China es esa carta que escribió a Páez Vilaro que la pinta de cuerpo entero. China es la chaperona de la entonces desconocida Helen Mirren paseándola por Buenos Aires. China es jugar a la telepatía en el Edelweiss para que medio restaurant terminara jugando con nosotros, tratando de averiguar «nuestro secreto». China es la primera vez que nos peleamos y una inolvidable lección de grandeza: “Prefiero la coca-cola al champagne pero tenemos que brindar con champagne para festejar como se debe… una primera vez”. O aquella carta que conservo donde me escribió pidiéndome perdón no recuerdo por qué tontera, done solo había escrito cien o doscientas veces «Perdón».

Vi cómo la envidiaban. Sus colegas y sus amigas colegas y las colegas que se decían amigas y, claro, las que no la podían ver. Era comprensible. Pura intuición, este rara avis tenía una facilidad innata – «La Sheñorita Shorillia tiene shus recurshos», mandoneaba Margarita Xirgú – siempre con un as en la manga, como una diva rematando con un Do inesperado o un mago sacando el conejo de la galera. Aquel torbellino de talento pudo llegar más lejos, pero no era ambiciosa en el sentido convencional del trepadurismo.

No comulgaba con actores demasiado intelectuales (“Si soy actriz no tengo que ser puta para saber cómo hacer de puta”) y cuando lo decidía, era la mejor: aquella que en París a la pregunta de John Huston “¿Qué clase de actriz es usted?”, respondió “De las buenas”. Esta mezcla vernácula de Angela Lansbury, Maureen Stapleton, Bette Davis y un dejo de Vivian Vance, sumaba talento, intuición teatral y una cultura que había mamado de un entorno privilegiado. Como aquellas divas d'altri tempi, en más de una ocasión el personaje superaba a la actriz, pero cuando ésta ganaba, como con Margo Channing, “había que ajustarse los cinturones”.

Atraía las anécdotas más increíbles, como el ojo del huracán. Es verdad que fue protagonista de un milagro en España. Es verdad que Serrat le cantó a solas en Nueva York. Es verdad que un espectador se murió de risa viéndola actuar. Es verdad que fue chofer de gente que no conocía en una Navidad porteña porque no tenía adónde ir.
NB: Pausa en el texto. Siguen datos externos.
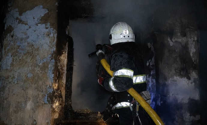 Рятувальник ДСНС гасить пожежу у будівлі, 13 січня 2026 року, Хмельниччина. Пресслужба Головного управління ДСНС у Хмельницькій області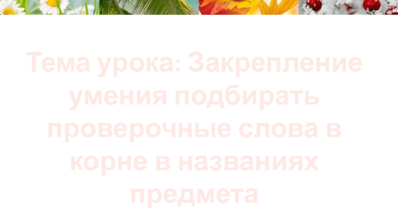 Слайд 3Тема урока: Закрепление умения подбирать проверочные слова в корне в названиях

Le pasaba todo, y más todavía. Horrorizado la vi meterse entre dos pandillas miamenses, queriendo hacer las paces. China es desmayarme de risa escuchándola recitar a Lorca como la Xirgú –«No me importa naaaada, naaada de na-da… bendita sea la iuvia porque mojaaaaa la cara de losh muertosh…!»–, mientras manejaba errándole a todas las autopistas floridanas; o ser testigo de cuando le espetó al empleado de la aerolínea que había perdido su valija: “Señorsoy generalmente buena pero tengo un día del año en que soy malísima, y creo que hoy me toca”. El empleado quiso saber: “¿Que había dentro la valija?”. “Solamente un oso de peluche fucsia”. Pausa chinesca: “No estoy loca, soy actriz”. 

China es la misma despistada que se arreglaba el pelo en el monitor durante los Almuerzos de Mirtha Legrand, sin darse cuenta que estaba en el aire; o peor si quiere, que se esguinzaba el pie derecho y distraída se vendaba el izquierdo durante días. Fui testigo.


Le imponían crueles dietas para adelgazar, que ella matizaba con desmesurados puzzles que tardábamos días en completar (sus sobrinos y yo éramos los puzzleros; canasta y  backgamon eran propiedad de otros) en mi apartamentito de esa somnolienta Miami que ya no existe. Allí, mientras tapizaba mi  sofá o sacaba a pasear a mi labrador, “nacieron” – otra vez, gracias Jacobo – la Elvira de Esperando la carroza y la anciana Mercedes de Besos en la frente, enamorada de otro Sebastián. Aquella tórrida noche de ventanas abiertas, China me leía la obra y a sus gritos ¡Te amo Sebastián, sé que soy una vieja loca pero te amo!”, se produjo un veloz cierre de ventanas para que los vecinos no imaginaran lo que no era…. Porque China era un lujo secreto, pocos sabían de mi buena estrella. Una tarde, entró un amigo en mi casa y al verla, atónito me dijo “Esta sí que te la tenías guardada”. Y China tejiendo (pulóveres de lana… ¡en Miami!) a velocidad supersónica y sin levantar la vista, remató: “Y lo que no sabés es que en el placard tiene guardada a Carolina de Mónaco”.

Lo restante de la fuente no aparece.